THE DATA:
*** Block opens ***

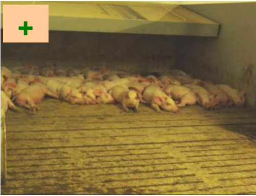
Correct lying behaviour. The temperature is right
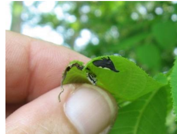
adult & shed skin on Juglans nigra
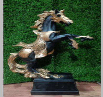
22 Inch Resin Horse Sculpture
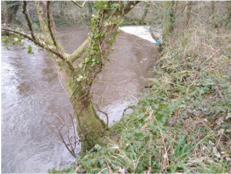
Figure 9. SN 62148 10699 RHB above weir. Taken from RHB facing DS.
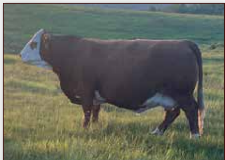
JNR GRACEFUL 410A
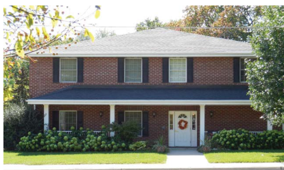
Altrusa House, Green Bay, Wisconsin
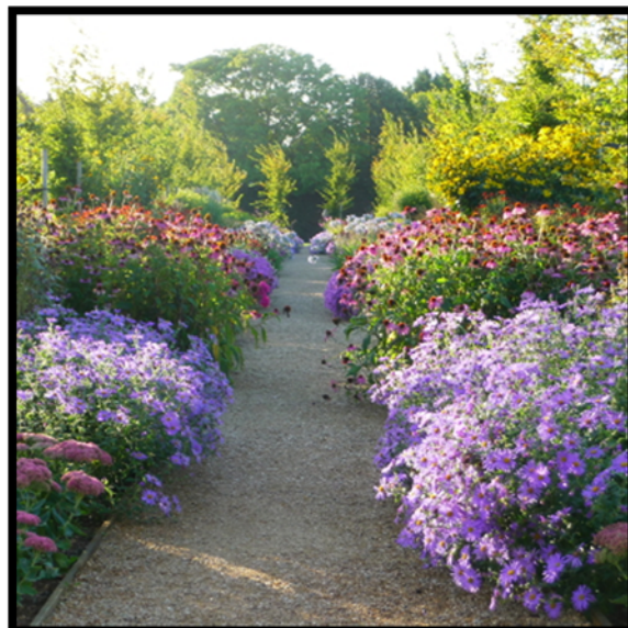
Ashton Pottery Hornbeam Walk in September

*** Block closes ***

WORK REQUEST: The records above, minus their pictures, are to be returned word for word.

YOUR SOLUTION:
Correct lying behaviour. The temperature is right
adult & shed skin on Juglans nigra
22 Inch Resin Horse Sculpture
Figure 9. SN 62148 10699 RHB above weir. Taken from RHB facing DS.
JNR GRACEFUL 410A
Altrusa House, Green Bay, Wisconsin
Ashton Pottery Hornbeam Walk in September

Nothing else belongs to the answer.